__About this task__
I'd like the entries that follow repeated exactly, with the pictures left out.

[Stored data Boundary: Start]

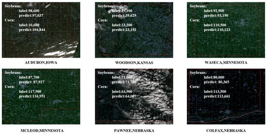 Six regions were randomly selected for the area estimation task of corn and soybean; the prediction ability of the model is visualized in Figure 6. It is an intuitive demonstration of the difficulty of the problem to be solved in this paper, especially between the predicted results, and the label of soybean in Mcleod Minnesota is 227 acres only.
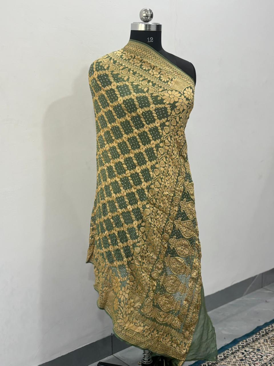 Our Sea Green Neem Jari Janglo Dupatta in Georgette is a stunning accessory that combines the calming beauty of sea green with intricate Neem Jari Janglo embroidery. The delicate nature-inspired motifs and patterns are crafted using shimmering silver and gold threads, adding a touch of opulence to the lightweight Georgette fabric. The dupatta drapes elegantly, offering comfort and style for any occasion. Whether paired with traditional or modern attire, this dupatta enhances your look and brings an element of sophistication to your ensemble.
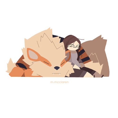 [Description: A cartoon of myself sleeping with an Arcanine from Pokemon curled around me.]
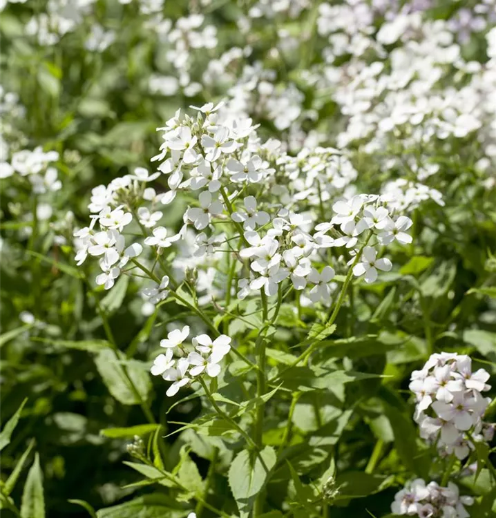 Hesperis matronalis 'Alba' bildet in Trauben angeordnete, weiße Blüten ab Mai. Diese verströmen einen starken Duft.
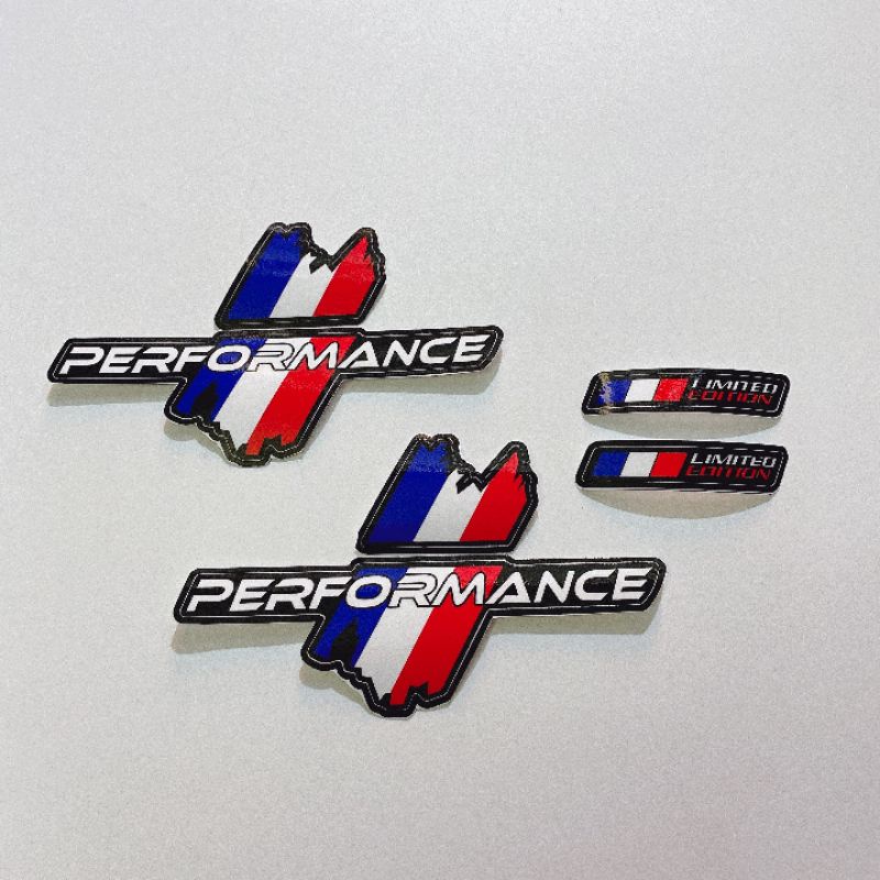 Tem decal chữ performance kèm hình cờ cao cấp dán xe máy, ô tô, mũ bảo hiểm chống thấm nước, chống bay màu
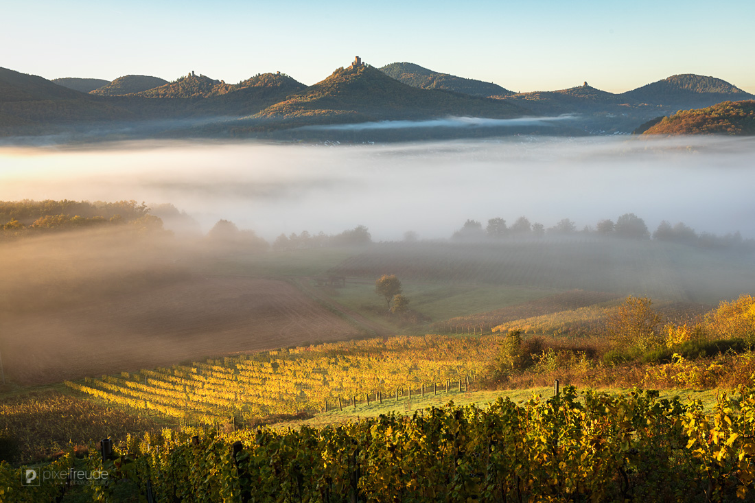 annweilerfarbenfernblickgoldener oktoberherbstnebelpfalzpfälzerpfälzerwaldsonnenaufgangsüdpfalztrifelsurlaubwasgauweinweinberge

[Stored data Boundary: End]

__Completed task__
 Six regions were randomly selected for the area estimation task of corn and soybean; the prediction ability of the model is visualized in Figure 6. It is an intuitive demonstration of the difficulty of the problem to be solved in this paper, especially between the predicted results, and the label of soybean in Mcleod Minnesota is 227 acres only.
 Our Sea Green Neem Jari Janglo Dupatta in Georgette is a stunning accessory that combines the calming beauty of sea green with intricate Neem Jari Janglo embroidery. The delicate nature-inspired motifs and patterns are crafted using shimmering silver and gold threads, adding a touch of opulence to the lightweight Georgette fabric. The dupatta drapes elegantly, offering comfort and style for any occasion. Whether paired with traditional or modern attire, this dupatta enhances your look and brings an element of sophistication to your ensemble.
 [Description: A cartoon of myself sleeping with an Arcanine from Pokemon curled around me.]
 Hesperis matronalis 'Alba' bildet in Trauben angeordnete, weiße Blüten ab Mai. Diese verströmen einen starken Duft.
 Tem decal chữ performance kèm hình cờ cao cấp dán xe máy, ô tô, mũ bảo hiểm chống thấm nước, chống bay màu
 annweilerfarbenfernblickgoldener oktoberherbstnebelpfalzpfälzerpfälzerwaldsonnenaufgangsüdpfalztrifelsurlaubwasgauweinweinberge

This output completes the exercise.